At various times in the Summer Institute, we will examine examples of Kenyon-produced courseware as well as several types of commercial software which can be used in the classroom including:
Authorware Professional, Multimedia Toolbook, and Guide -authoring tools for multimedia projects
Stella - a simulation program which allows faculty and students to create and manipulate complex models of virtually any type of system: economic, biological, physical, chemical and more
Painter - a graphics application that simulates many of the tools used in visual art
The Transparent Language system
A selection of multimedia titles from Voyager Software, including “Poetry in Motion,” “The First Chinese Emperor,” “I Photograph to Remember,” “Baseball’s Greatest Hits,” and “Ephemeral Films: 1931-1960.”
Microsoft PowerPoint, an application for creating presentations of lecture materials, including multimedia inclusions.
Authoring tools
computer programs which make it possible to create and modify other programs; a specialized type of CASE tools.
CASE Tools
Computer-Aided Software Engineering, a class of software which enables the non-programmer to create sophisticated applications.
texts which utilize a method of "linking" related textual materials without the constraint of linearity.
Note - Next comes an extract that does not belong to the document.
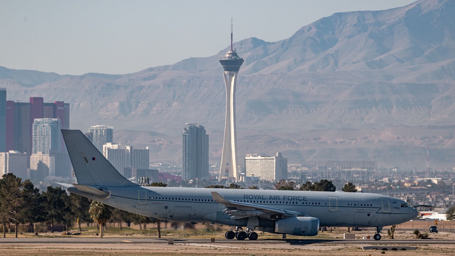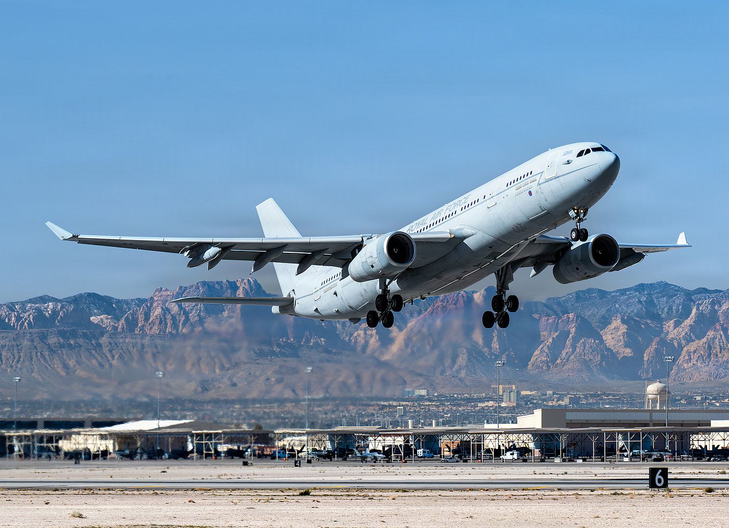 A British Royal Air Force A330 Voyager tanker takes off from Nellis Air Force Base, Nevada, in support of Red Flag-Nellis 26-1, Jan. 29, 2026. Red Flag increases interoperability between partner nations and across the Joint Forces as Airman and Guardians train together in high-end, realistic scenarios. (U.S. Air Force photo by William R. Lewis)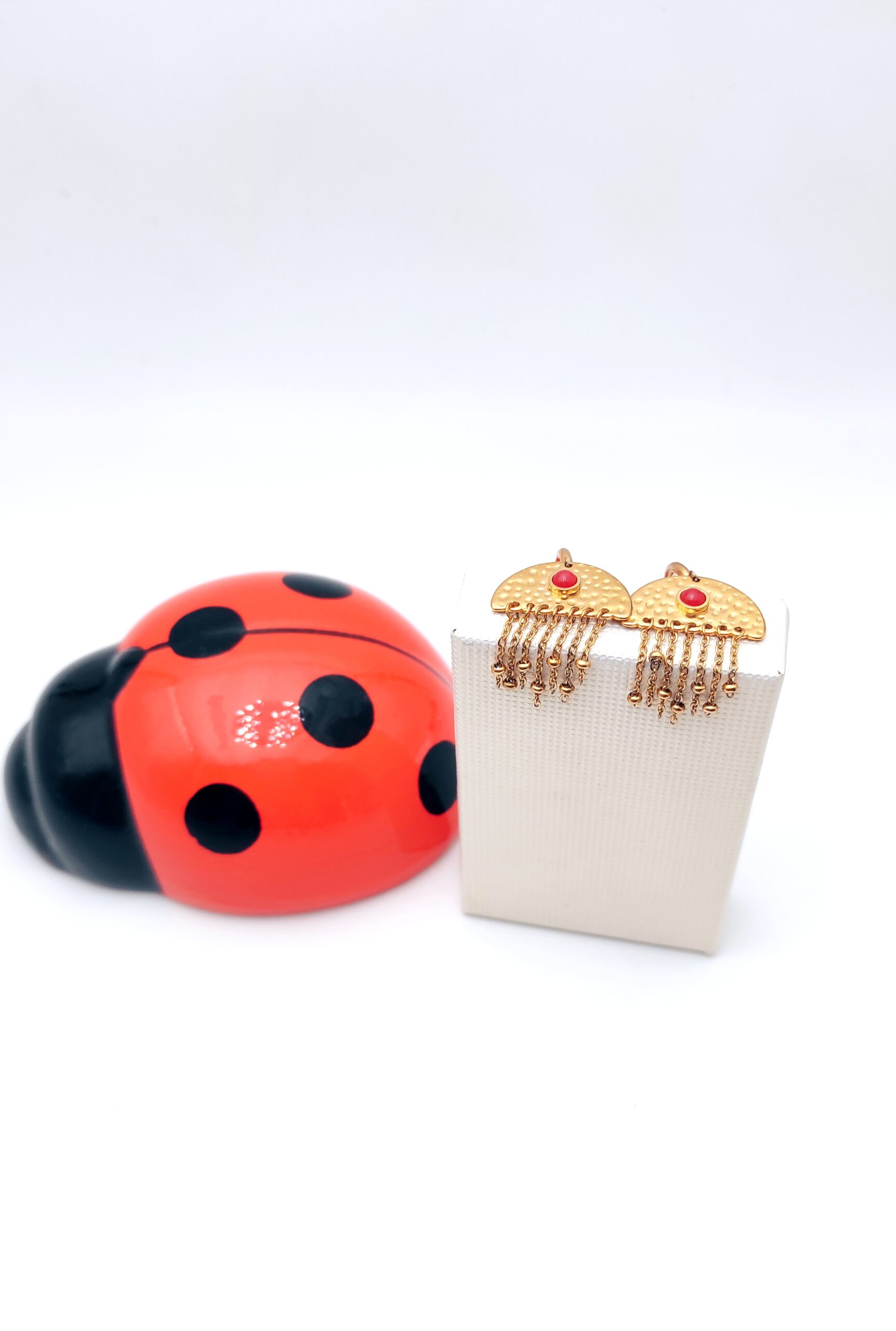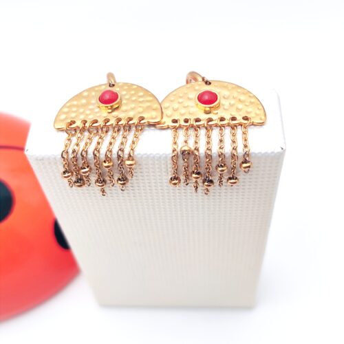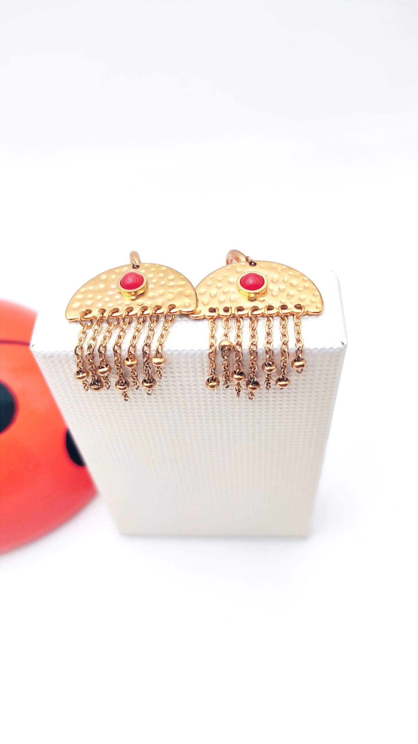 Boucles d’oreilles de forme géométrique en acier inoxydable doré avec une pierre naturelle rouge (cornaline) et des petites chaînettes pour ajouter de la légèreté au bijoux.

Hypertexts allow the learner to browse through complex texts by following different paths.
Hypermedia
non-linearly linked materials as in hypertexts but not restricted to textual material. Can include graphics, audio, video and text.
CAI
Computer-Aided Instruction. The old model for using computers to instruct, using the computer as an electronic page-turner. Often called "drill and kill". Minimally effective for most applications, especially by today's standards which include personal interaction with multimedia materials.